Section 38 continued…

  • APIs (Application Programming Interfaces) – CRUD, REST and SOAP
    • NETCONF and RESTCONF are APIs specifically desigened to work with network devices.
    • CRUD – Create – Read – Update – Delete
    • SOAP – Simple Object Access Protocol
      • Statndared communicatoin protocol system taht permits processes using different OS like Linux and Windows to talk.
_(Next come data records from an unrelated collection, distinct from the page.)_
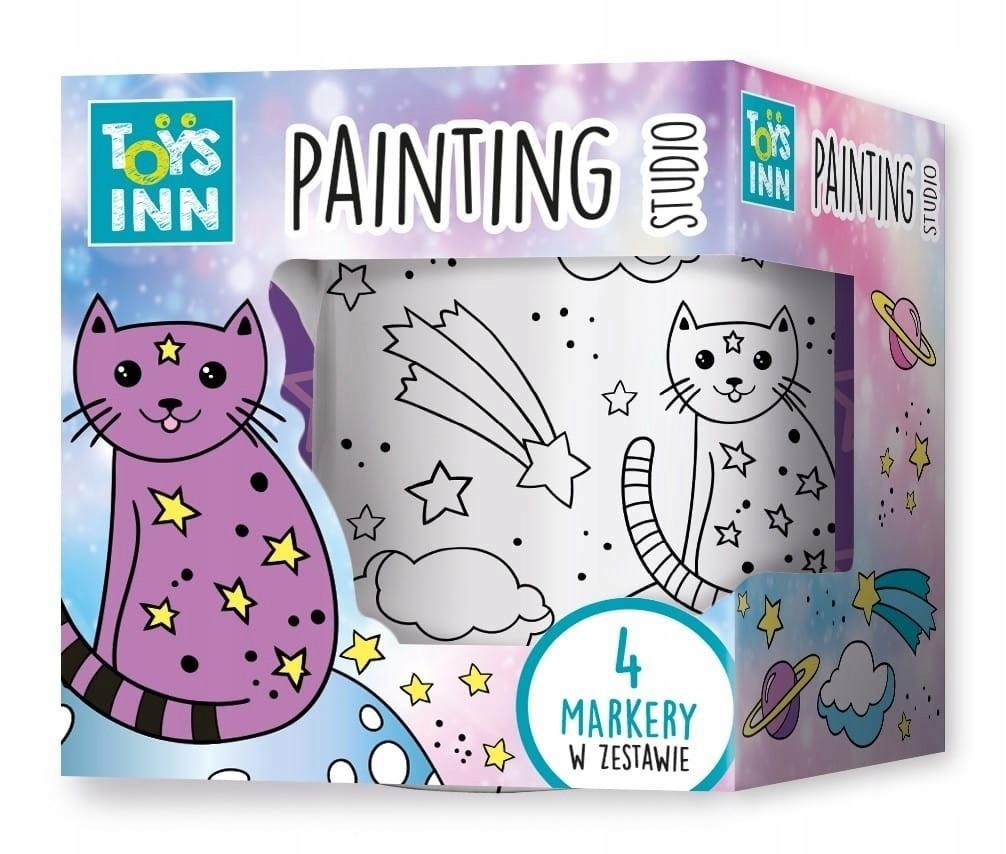 Керамічна кружка-розмальовка — це чудова творча розвага. У набір входять маркери чотирьох кольорів: жовтий, рожевий, синій, фіолетовий. Завдяки їм кожна дитина може оригінально розфарбувати свою кухоль. Все це упаковано в декоративну картонну коробку.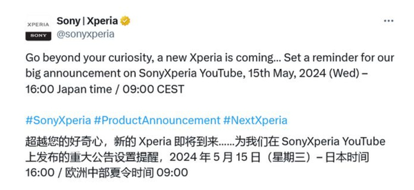 索尼官宣5月15日召开新品发布会 新款Xperia手机将亮相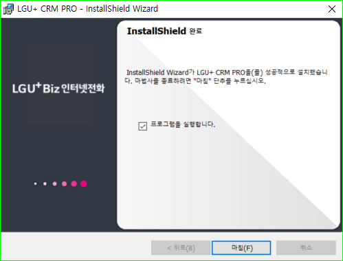 5) CRM Pro 설치가 완료되었습니다. 마침을 선택합니다.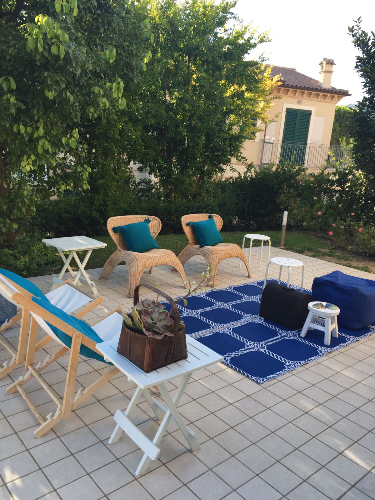 È presente anche una casetta in legno multifunzionale, perfetta per riporre oggetti personali o gli attrezzi per la manutenzione del giardino. Illuminazione esterna con faretti in acciaio Guzzini.

      • typically uses HTTP(S) and data is always formatted as XML
      • It has strict standard to adhere to
    • REST – Representational State Transfer
      • Is an architecture, not a protocol
        • Gives guidelines for structure and organization of an API
      • Support any transport and data format
      • Commonly uses http(s) as transport and commonly uses JSON (or XML) data formats
      • Typically has faster performation and is easier to use than SOAP
      • Contraints
        • Client- Server architecture
          • Send & response model
        • Uniform interface
        • Statelessness
          • no client context is stored on the sever between requests
        • Cacheability
          • responses need to be define cacheable or non-cacheable
        • Layered system
          • devices between client and server must be transparent
        • Optional – Code on demand
          • Server can temporarily extend or customze the functionality of a client by transferriing executable code.
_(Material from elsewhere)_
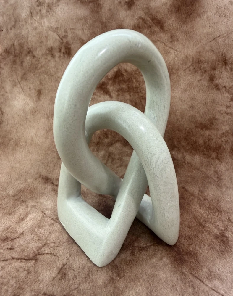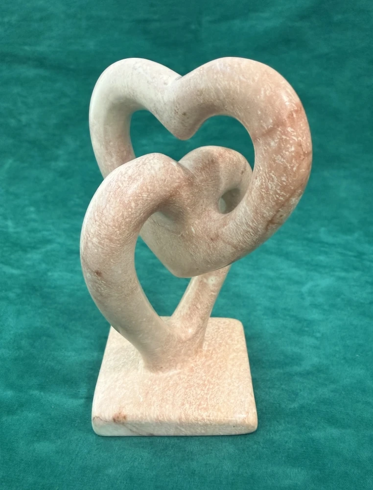 Le sculture intrecciate in pietra ollare — come i cuori doppi, le forme continue, gli abbracci scolpiti — sono oggetti che parlano di legami, equilibrio, armonia. La loro forza sta nella semplicità: linee morbide, curve che si incontrano, superfici levigate che catturano la luce.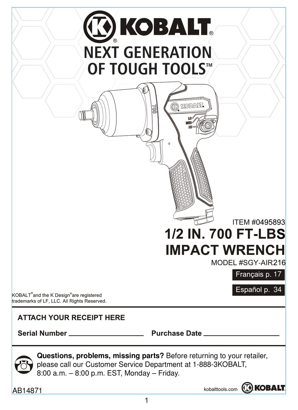 Kobalt Air Impact Wrench Pneumatic 38-in Drive 0375-in 350-ft Tool Gun. FREE Shipping by Amazon. Kobalt Impact Driver 0382461 Operating instructions manual 14 pages 3. Assembly And Operating Manual. If you have any questions please call our Customer Service. Get it as soon as Wed Feb 17.

      • REST Response Codes
        • Success 
          • 1xx: Informational
          • 2xx: Success
            • 200: OK
            • 201: Created
            • 204: No Content/Deleted
          • 3xx: Redirection
        • Errors
          • 4xx
            • 400: Bad request/malforned syntax
            • 401: Unauthorized
            • 403: Forbidden
            • 404: Not Found
          • 5xx: Server Error
            • 400: Internal Server Error
          • Responses to Get requests include data in the body
          • Headers can also be included in the response
  • Configuration managemetn Tools
    • System to make managing large number of devices easy
    • Automate many different systems from one location
    • Popular free options (Enterprise paid options)
      • Ansible
        • Any machine with python 2 or 3 
        • Agentless
        • Push Model
        • Uses SSH by default
        • Simpler than othe tools
        • Modules are pre-built python scripts
        • Inventory files define all hosts to be managed
        • Playbooks are YAML files that outline the instructions it needs to run
      • Puppet
        • Uses agent on the target
        • Runs on Linux
        • Pull model so agent checks in every 30 minutes by default
        • Programmed in Tuby
        • Proprietary DSL rather than YAML
        • ‘Manifest’ defines the device’s properties
        • Can check config consistency
      • Chef
        • Uses agent on the target
        • Pull model
        • Programmed in Ruby
        • Terminology is Cook Book > Recipe
    • Automate provisioning an deployment of servers and network devices
    • Require little program knowldege
    • Development practices
      • version control
      • testing
  • SDN – Software Defined Networking
    • Router and Switch Planes
      • Data (Forwarding) Plane: Traffic which is forwarded through the device
      • Control Plane: Makes decisions about how to forward traffic.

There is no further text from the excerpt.